With a pulpit gesture he pointed his hand at the blazing hearth, then let open palm and fingers fall, to show that the issue was settled and might be let drop. She might be silent now. There was no answer to that. It was a telling close. He felt, therefore, actually a twinge of surprised irritability when he heard his sister check an exclamation and then say, "Your fingers nearly touched the floor!"

'Well, you have always, if not boasted, been prepared to prove that, as we used to say, 'you could eat off that lady's floors.' "

Again he had tried to be nice but he could not help feeling that she was oddly on edge.

"At her age," he sub-whispered to himself, "natural, natural."

"Charles!"

Her voice, there was no doubt of it, was not normal. Besides, she never called him by his name unless there was something, something that she was steeling herself to tell him. That was the

tone in which she had spoken when she came with the telegram in her hand to say that their mother was dead.

"Charles, are you sure that everything is all right? I mean, are you certain that your improvement has been complete, complete recovery? That you shouldn't, couldn't, do something more?"

It was, of necessity, a desperate cast, to reach out and make contact with him. But she was amazed at the completeness of his reaction.

"Laetitia, what are you talking about?"

"I mean ... I mean . . ." she stumbled on the wretched little word that always signals the breakdown of understanding between two minds, two spirits who have nothing but words with which to touch each other. "I only mean that just before we went away and indeed for some time previous you had been terribly run-down, and I was just a little anxious. . . ."

"Of course I naturally, fully, remember that I was overtired after all the changes which we had to effect here. That I haven't referred to the matter is, you must know, natural to me. It is wholly out of character for a nature such as mine to complain. Minor ills are only aggravated by speaking of them. He was a weak character or a poor observer, probably both, who gave us the feeble and inaccurate counsel that a sorrow shared—still less a nervous vexation—is by sharing halved!"

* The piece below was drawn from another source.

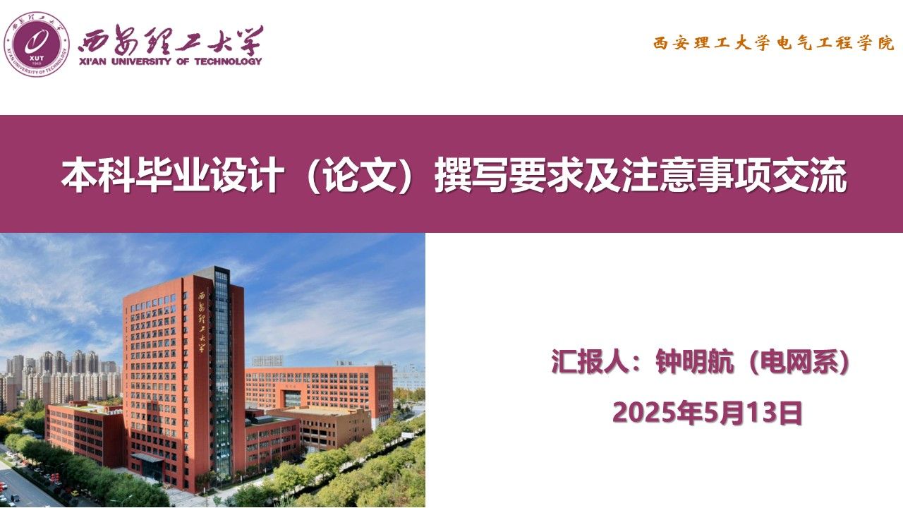 2025年5月13日上午,我院举办本科生毕业设计论文写作指导讲座,特邀智能电网与控制工程系钟明航老师作专题报告,讲座围绕“科学规划、规范写作、从容答辩”三大主题展开。

He shifted complacently but did not trouble to look at her.

"And I think I may say that it argues well for my natural resilience that a brief week of active other-interest—the intellectual's real re-creation—brought me back to complete tone."

He half turned toward her and his voice did show concern of a sort, the sort that very little analysis is needed to find its root in self-love's fear of losing a servant hard to replace.